Routine maintenance is required to obtain optimal performance from Cassandra. Some maintenance is handled by a scheduled job, while other tasks must be completed manually.

Before you begin

  • The nodetool repair command must be completed regularly to maintain Cassandra nodes. For more information, see Repairing nodes in the Cassandra documentation.
  • Locate nodetool, a binary bundled with Cassandra.
  • Before running the repair, you can optionally throttle compaction throughput. This reduces the performance impact and speeds up the repair process. For more information, see Throttling compaction throughput.

About this task

The nodetool repair command can be used to run an incremental repair or a full repair. To help prevent cluster issues, use the -local option to restrict the repair to the local data center. A typical schedule is for the scheduled job to run an incremental repair daily and a full repair be completed manually one time a week. This can vary depending on your data and performance.

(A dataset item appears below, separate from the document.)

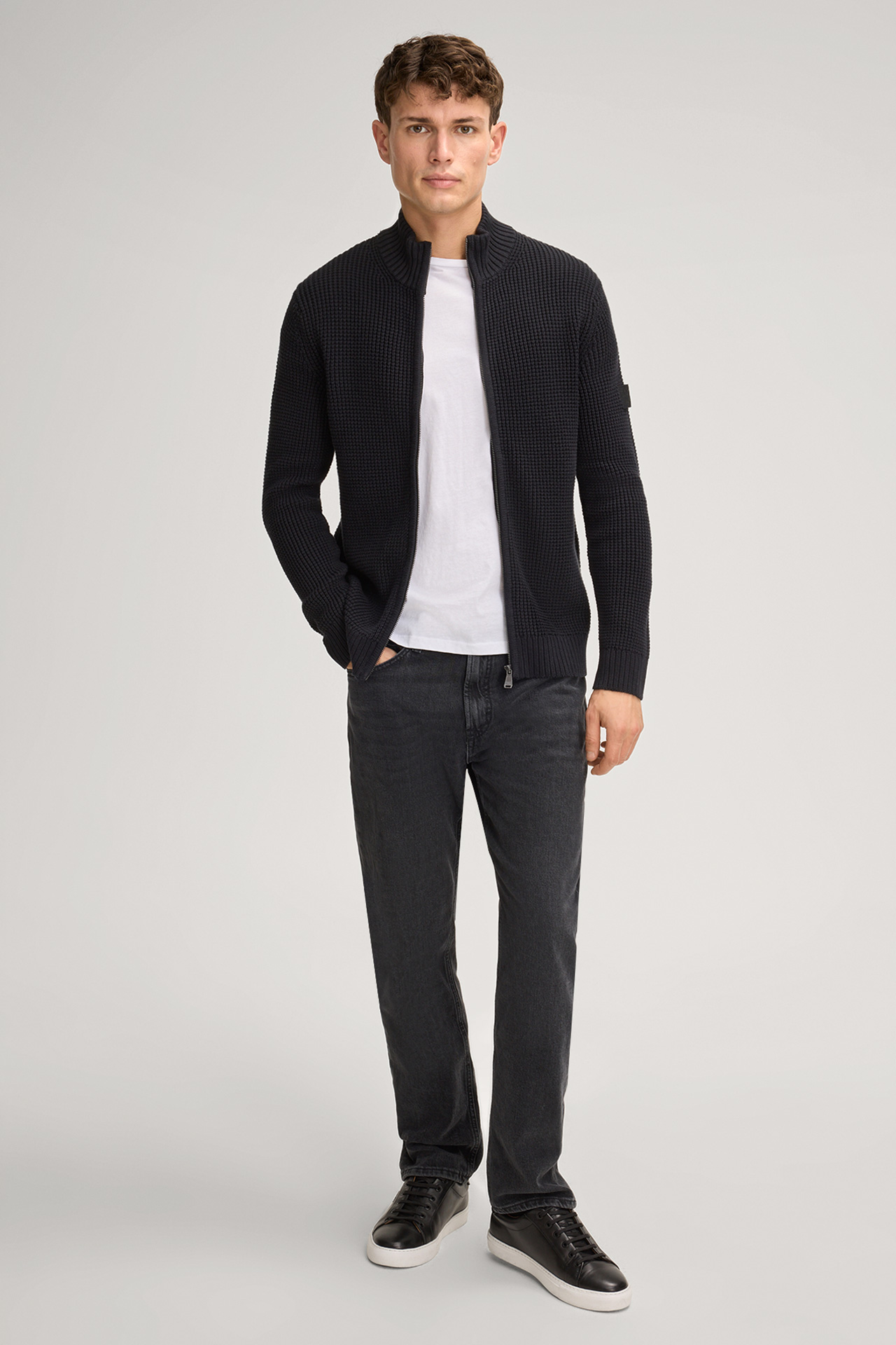 A stand-up collar, classic long sleeves and modern zip fastening give the Hajoros cardigan a stylish look. The design in textured waffle piqué makes it a highlight. A signature patch on the sleeve rounds off the item.

You can also choose to run sequential or parallel (default) repair.

Sequential repair
Sequential repair repairs nodes one after the other. This is time consuming.
Parallel repair
Parallel repair repairs each node at the same time. This improves the repair time. Although faster, parallel repair uses much more system resources.

Avoid running a repair when the system is under heavy load. The repair reduces Global Mailbox throughput. Parallel repair reduces throughput more than sequential repair.

To run the nodetool repair command:

Procedure

  1. Log in to the server where a Cassandra node is installed.
  2. Go to the <install_dir>/apache-cassandra/bin directory.
  3. Type ./nodetool repair -local to run an incremental, parallel repair. Add -full -local to run a full repair. Add -seq to run a sequential repair. Examples:
    ./nodetool repair -seq -local
    Runs an incremental, sequential repair.
    ./nodetool repair -full -local
    Runs a full, parallel repair.
    ./nodetool repair -full -local -seq
    Runs a full, sequential repair.
    Tip: To run a repair routinely in Linux, you can schedule the repair operation to run as a cron job. For information about creating cron jobs, see the documentation for your operating system.